1) In “encoder-decoder attention” layers, the queries come from the previous decoder layer, and the memory keys and values come from the output of the encoder. This allows every position in the decoder to attend over all positions in the input sequence. This mimics the typical encoder-decoder attention mechanisms in sequence-to-sequence models.

2) The encoder contains self-attention layers. In a self-attention layer all of the keys, values and queries come from the same place, in this case, the output of the previous layer in the encoder. Each position in the encoder can attend to all positions in the previous layer of the encoder.

3) Similarly, self-attention layers in the decoder allow each position in the decoder to attend to all positions in the decoder up to and including that position. We need to prevent leftward information flow in the decoder to preserve the auto-regressive property. We implement this inside of scaled dot-product attention by masking out (setting to −∞) all values in the input of the softmax which correspond to illegal connections.


## Position-wise Feed-Forward Nerworks 

In addition to attention sub-layers, each of the layers in our encoder and decoder contains a fully connected feed-forward network, which is applied to each position seperately and identically. This consists of two linear transfomrations with a ReLU activation in between. 

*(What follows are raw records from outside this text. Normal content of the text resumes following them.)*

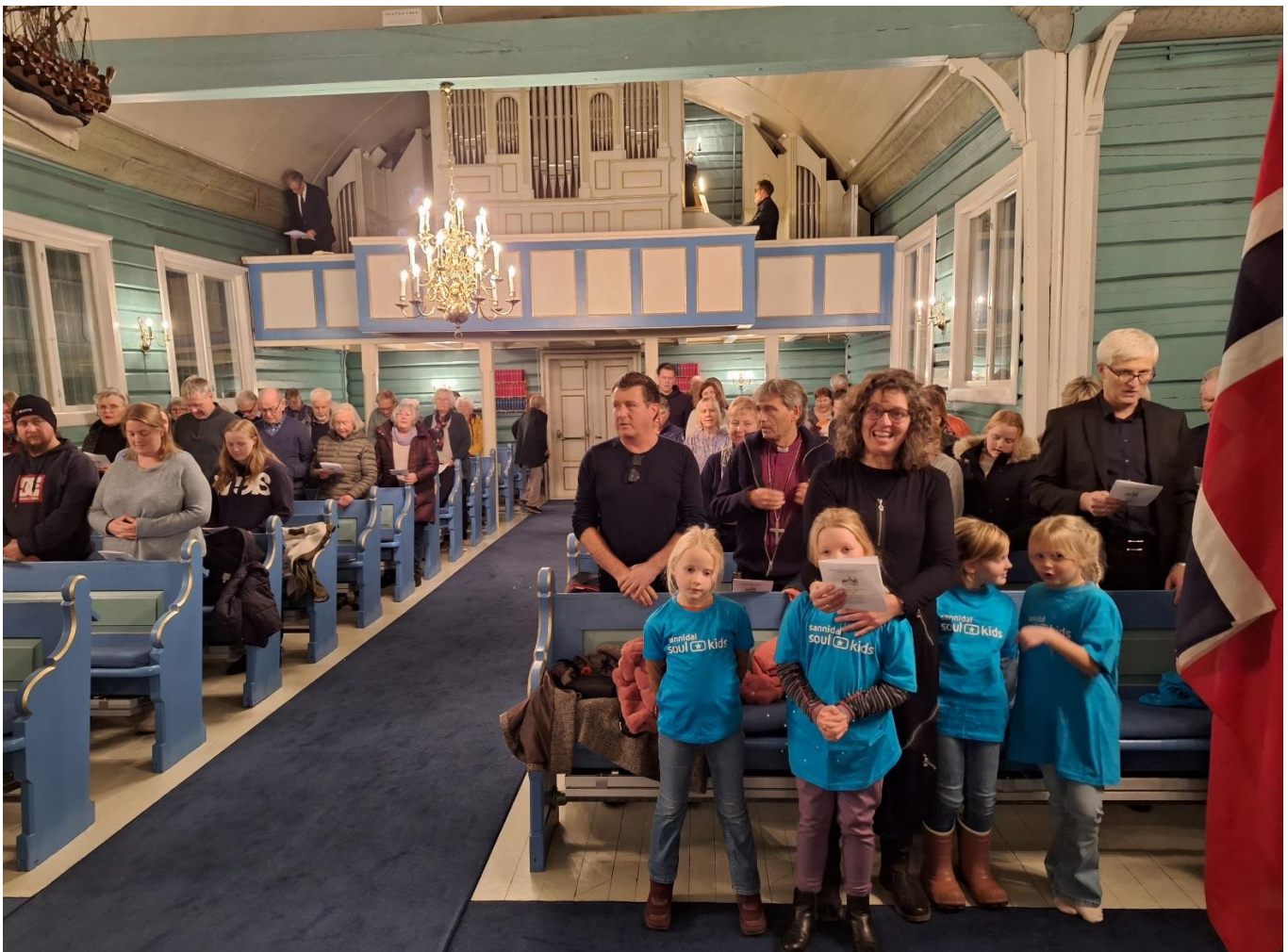
Sang- og musikk gudstjeneste ved bispevisitasen.
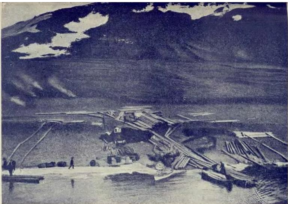
Выгрузка строительных материалов в бухте Тихой.
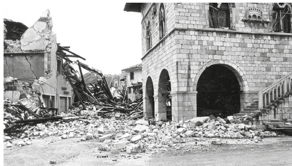
La devastazione dopo il terremoto del 6 maggio 1976

Sono anni nei quali ANCI FVG svolge un ruolo di primo piano nella formazione della legislazione regionale, nella definizione del piano urbanistico regionale, nell'impostazione del piano regionale di sviluppo, nella proposizione complessiva per la soluzione dei problemi delle zone terremotate e nella prospettazione dell'assetto territoriale e dell'organizzazione dei servizi sociali in tutta la Regione.
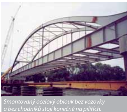
Smontovaný ocelový oblouk bez vozovky a bez chodníků stojí konečně na pilířích.

a v podstatě geniálním nápadem. Provést stavbu nového mostu jako rekonstrukci mostu starého, a to s využitím původních pilířů bez změny nivelety, ale s větší šířkou a s chodníky na obou stranách mostu. Toto řešení schválilo naše zastupitelstvo (i když tehdy jen nejtěsnější většinou osmi hlasů proti sedmi) se závazkem, že investorem stavby nebude stát, který od dobřichovického mostu dal ruce pryč, ale naše obec. Byla připravena naším nákladem projektová dokumentace (firmou Top Con srvis s.r.o.), která byla schválena jak Českými drahami, tak i Povodím Vltavy. Ve výběrovém řízení v lednu 1996 byl vybrán dodavatel stavby – firma Brex s.r.o. z Liberce, která most postavila v dohodnutím termínu bez jakéhokoliv navýšení dohodnuté ceny.
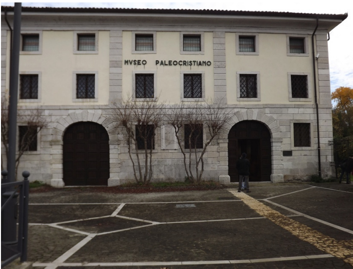
EX CONVENTO ORA MUSEO
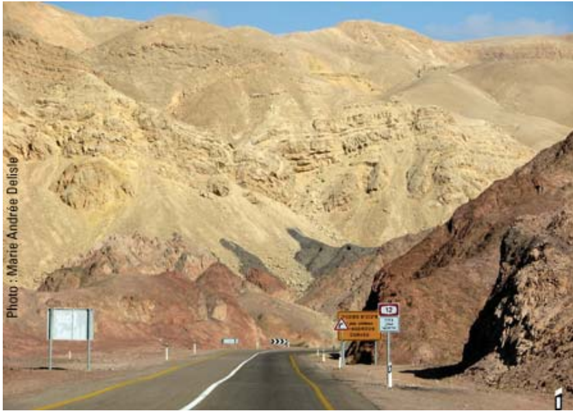
La route entre Eilat et Tel Aviv.

$FFN(x) = max(0, xW_1 + b_1)W_2 + b_2$

While the linear transformations are the same across different positions, they use different parameters from layer to layer. Another way of describing this is as two convolutions with kernel size 1. The dimensionality of input and output is $d_{model}=512$, and the inner-layer has dimensionality $d_{ff} = 2048$ 


In [44]:
class PositionwiseFeedForward(nn.Module):
    "Implements FFN equation."

    # d_model is the size of the input and output tensor, 
    # d_ff is the size of the intermediate hidden layer in the feedforward network, 
    # dropout is the dropout rate 
    def __init__(self, d_model, d_ff, dropout=0.1):
        super(PositionwiseFeedForward, self).__init__()
        self.w_1 = nn.Linear(d_model, d_ff)  # map the input tensor to the hidden layer 
        self.w_2 = nn.Linear(d_ff, d_model)  # map the hidden layer to the output tensor
        self.dropout = nn.Dropout(dropout)  # regularize the output of the feedforward network 

    # x 는 앞서 멀티 헤드 어텐션의 결과로 나온 (seq_len, d_model)의 크기를 가지는 행렬 
    def forward(self, x):
        return self.w_2(self.dropout(self.w_1(x).relu())) 
        # applying the self.w_1 linear transformation to x followed by the relu activation function, and then applying self.w_2

## Embeddings and Softmax 

Similarly to other sequence transduction models, we use learned embeddings to convert the input tokens and output tokens to vectors of dimension $d_{model}$. We also use the usual learned linear transformation and softmax function to convert the decoder output to predicted next-token probabilities. In our model, we share the same weight matrix between the two embedding layers and the pre-softmax linear transformation. In the embedding layers, we multiply those weights by $\sqrt{d_{model}}$. 



In [51]:
class Embeddings(nn.Module):
    # Embbding module uses an embedding lookup table (nn.Embedding) to convert each integer in the sequence 
    # to a corresponding dense vector of d_model dimensions. 
    def __init__(self, d_model, vocab):
        super(Embeddings, self).__init__()
        self.lut = nn.Embedding(vocab, d_model)
        self.d_model = d_model
    
    # x is shape of (batch_size, seq_len) 
    def forward(self, x): 
        return self.lut(x) * math.sqrt(self.d_model)  
        # output is shape of (batch_size, seq_len, d_model) containing the embeddings of the input tokens 

## Positional Encoding 


Since our model contains no recurrence and no convolution, in order for the model to make use of **the order of the sequence**, we must inject some information about the relative or absolute position of the tokens in the sequence. To this end, we add "positional encodings" to the input embeddings at the bottoms of the encoder and decoder stacks. The positional encodings have the same dimension $d_{model}$ as the embeddings, so that the two can be summed. There are many choices of positional encodings, learned and fixed. 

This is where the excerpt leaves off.